小規模ダンジョンなど、人間の魔石供給源にされてしまう危険すらある始末だ。
「きっと宣戦布告してきたダンジョンコアも、そうやって追い込まれたクチだろう。だからこの町の住人の生命力を欲し、その存在を延伸させてきた」
「その開口部として、下水道を狙っていたところを、我々が横取りしてしまったわけですか。他の場所に開口部を開けば、いいとも思いますが……」
たしかに、それなら一見、波風立てずに事を収められるだろう。ただ、たぶんそれは不可能だ。
「無理でしょ。お互いに獲物である冒険者を奪い合う形になるし、ギギさんの言う通りなら、あちらさんは町の住人すべてをダンジョンに引きずり込んで、食べるつもりらしい。構造次第でそれを可能にするって話だったけど、だったら、そこに他のダンジョンがあるのは邪魔なはずだ」
「たしかに……」
言った通り、話し合いで解決できる段階ではないのだ。
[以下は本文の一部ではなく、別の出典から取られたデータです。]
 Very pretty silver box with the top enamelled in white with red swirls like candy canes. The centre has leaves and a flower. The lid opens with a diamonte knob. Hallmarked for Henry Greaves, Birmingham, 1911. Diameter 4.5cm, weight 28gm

向こうさんはこの計画に、己の存亡をかけてしまっており、その計画はもうかなりのところまで進んでしまっている。いまさら中止なんてできないし、妥協もまた不可能だ。
よし、それじゃあ現状は確認できた。ここからは、これからどうするかだ。
「まず、相手がどこの誰なのかを確認しよう。このアルタンに触手を伸ばしてきた以上、そう遠くのダンジョンだとは思えない。だとしたら、相手が判明すればその規模もわかるかも知れない」
「そうですね。人間側から情報を得られるのは、我々の持つ数少ないアドバンテージです」
冒険者ギルド経由で、周辺のダンジョン事情を調べるのは、他のダンジョンにとっては想定外の事だろう。あるいは、向こうも人間から情報を得ているのかも知れないが、僕らの存在は人間側にも認知されていないので、どこからも情報は得られない。
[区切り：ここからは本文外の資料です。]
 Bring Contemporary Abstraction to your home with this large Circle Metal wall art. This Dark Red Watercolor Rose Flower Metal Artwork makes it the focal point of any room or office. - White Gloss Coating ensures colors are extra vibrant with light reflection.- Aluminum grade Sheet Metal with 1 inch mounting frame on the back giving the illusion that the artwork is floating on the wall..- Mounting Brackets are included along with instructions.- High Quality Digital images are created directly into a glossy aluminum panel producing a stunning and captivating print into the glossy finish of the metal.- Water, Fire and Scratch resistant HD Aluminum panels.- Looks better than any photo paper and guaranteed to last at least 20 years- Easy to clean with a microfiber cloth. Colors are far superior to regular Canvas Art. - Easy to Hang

「次に、対抗策の模索。これは一朝一夕で決められるものでもないけど、開戦までのタイムリミットもあるしね。今日明日中には、モンスターを使って対抗するのか否かくらいは、決めてしまおう」
「はい。眼前の危機を重視し、事後の危険を軽視するのか、あるいはその逆かを決めるのですね?」
「そういう事」
正直、差し迫った危険に際して、モンスターを解禁してしまいたいという思いがある。だが、それが今後際限なく人間を相手にしていく事と同義であると思うと、躊躇してしまう。
ニスティス大迷宮の事を知ったいま、その思いは強い。
「最後に、人間側に対する影響の確認。あの扉、たぶんすぐ見付かるよね?」
「そうでしょうね」
町にダンジョンができた。その際に人間たちがどう動くのか、この際きちんと観察しておこう。